Чарлз понятия не имел, что задумала Пенни, когда захотела взять поводья в свои руки. Но сдался, позволил ей делать все, что она пожелает, с его сердцем, телом и душой. Он давно уже отдал все это ей. И так легко было поручить ей себя всего…

Несколько часов спустя, лежа на спине среди измятых простынь, измученный, довольный и в мире с собой, он понял, что на этот раз достиг всего, чего желал. Прошел полный круг, от потребности защитить к объятиям женщины, которая вернула его назад, приняла и очистила от грехов. Стала его опорой, его ангелом-хранителем и наставником в самом лучшем смысле этого слова. Мостиком между ним и окружающим миром. Теми, кого он старался защитить.

Он глянул на нее, обессиленную, обмякшую, и понял, что жизнь дамы вращается вокруг жизни ее повелителя. Но при этом твердо сознавал и другое: его жизнь будет всегда и навечно вращаться вокруг ее жизни. Его место будет всегда рядом с ней. Его постель всегда будет ее постелью, а не наоборот, что бы там ни требовало общество.

Она пошевелилась, подняла голову, посмотрела на него и оперлась ладонями о его грудь, чтобы взглянуть в глаза.

Он нахмурился, прочтя на ее лице некоторую решимость.

– Что?

– Послушай, мы не могли бы сразу вернуться в Лостуител, минуя Лондон?

– Да, конечно. Но почему?

– Если мы хотим пожениться, нужно начинать готовиться к свадьбе, а если мы объявим о нашей помолвке в Лондоне, сам знаешь, что начнется: придется принимать визитеров, посещать все балы, где нас будут рассматривать, как зверей в зоологическом саду. И это не говоря уже о твоих и моих родственницах. Как бы мы сильно их ни любили, все же следует самим о себе заботиться, а их хлопоты сведут меня с ума…

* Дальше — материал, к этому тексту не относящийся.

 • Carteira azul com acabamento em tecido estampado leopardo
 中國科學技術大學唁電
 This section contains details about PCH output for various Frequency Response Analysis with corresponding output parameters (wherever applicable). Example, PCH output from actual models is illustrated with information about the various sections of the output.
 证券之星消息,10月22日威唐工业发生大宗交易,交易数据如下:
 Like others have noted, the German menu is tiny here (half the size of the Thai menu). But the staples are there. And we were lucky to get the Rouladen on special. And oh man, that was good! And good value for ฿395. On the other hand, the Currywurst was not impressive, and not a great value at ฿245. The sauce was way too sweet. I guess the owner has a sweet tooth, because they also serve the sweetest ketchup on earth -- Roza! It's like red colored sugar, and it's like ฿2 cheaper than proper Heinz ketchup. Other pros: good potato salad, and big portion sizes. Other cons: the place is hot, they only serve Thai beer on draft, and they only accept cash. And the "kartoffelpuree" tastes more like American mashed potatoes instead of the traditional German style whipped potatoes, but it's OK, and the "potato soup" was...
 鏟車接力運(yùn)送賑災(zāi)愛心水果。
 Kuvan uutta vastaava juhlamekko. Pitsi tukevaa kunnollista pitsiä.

Он зажал ей рот единственным надежным способом – поцелуем. И продолжал целовать, пока она не сдалась. Почувствовав это, он отстранился, пригладил ее волосы и едва не зажмурился отблеска ее восторженных глаз. О чем это она? Что произошло?

Он никак не мог прийти в себя.

– Не понимаю. Я еще не дал тебе того, что ты хочешь, то есть не сказал, что люблю тебя, и не поклялся в вечной любви.

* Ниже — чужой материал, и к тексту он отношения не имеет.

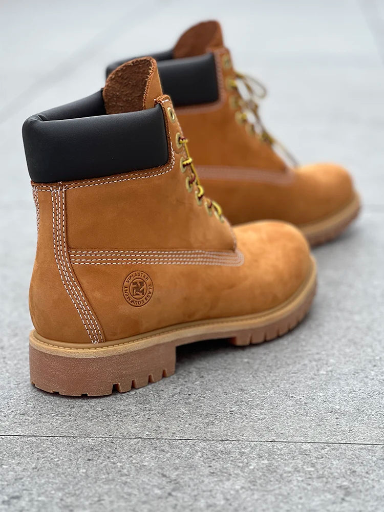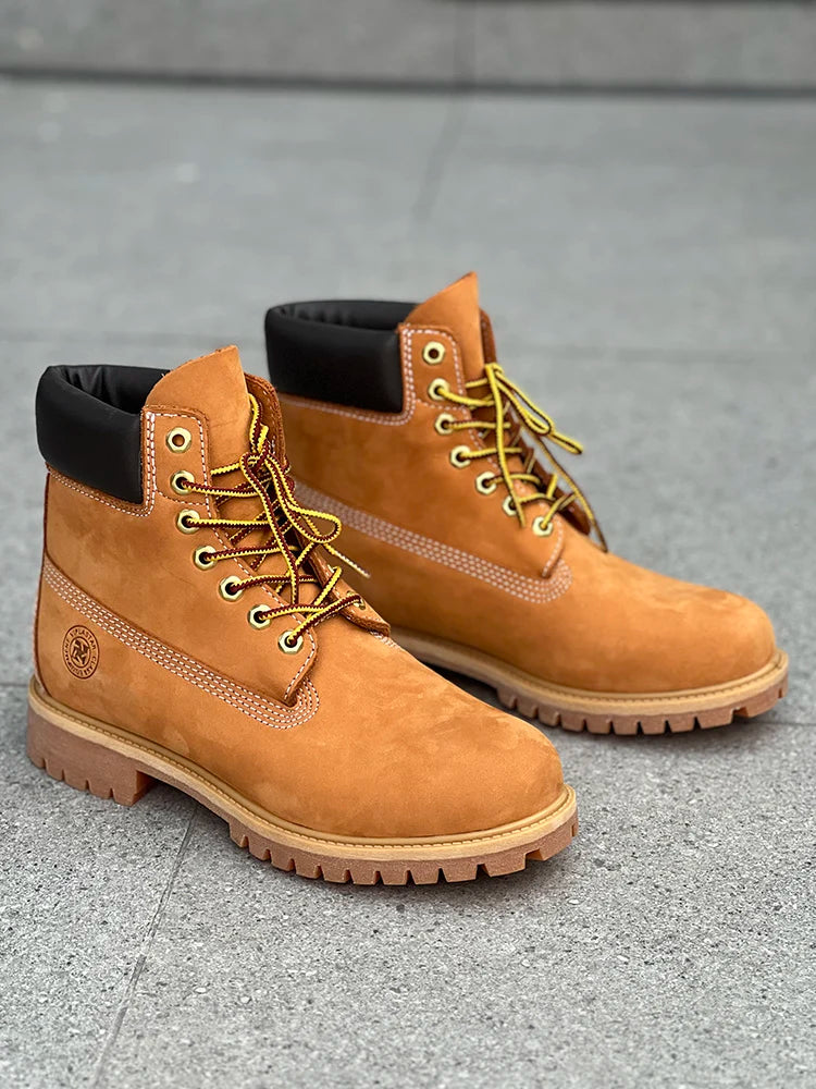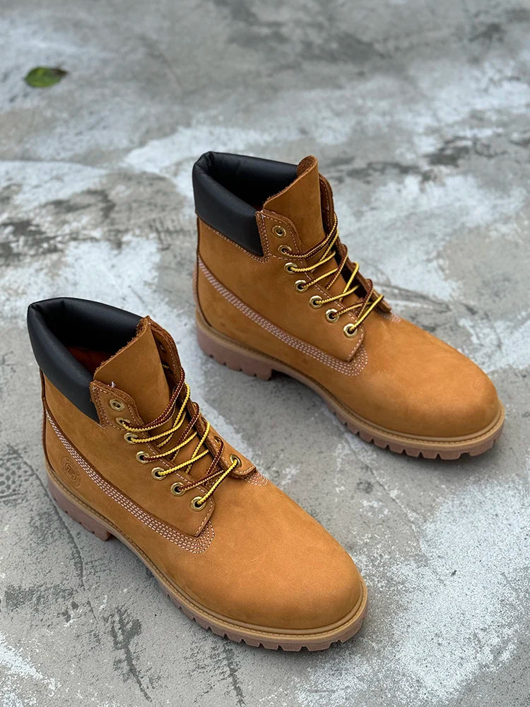 Hiking boots Men's High Help Work Suit Boots Cowhide Yellow Boots Cotton Shoes ClimbiWaterproof Shoes Lovers Shoes Yellow Boots

Мудрый человек, наверное, скрыл бы свое удивление, обрадовался такому чудесному завершению поисков невесты и держал бы рот на замке, но он… он нахмурился.

– Я думал, что ты по крайней мере потребуешь красную розу и коленопреклоненную клятву в вечной верности.

Он предвкушал нечто более из ряда вон выходящее, когда настанет момент, и сейчас был немного разочарован.

– Красная роза? – удивилась она. – И ты на коленях…

– Но ведь я даже не крикнул во всеуслышание о своей любви. Правда, ты знаешь, что я тебя люблю и всегда любил, – нахмурился он.

Она, в свою очередь, свела брови.

– Но тогда ты меня не любил.

Он ошеломленно посмотрел на нее.

– Как это? Да я любил тебя вечно.

Пенни грозно насупилась и уперлась ладонями в его грудь.

– Ничего подобного.

Упрямо вздернув подбородок, он приподнялся на локтях.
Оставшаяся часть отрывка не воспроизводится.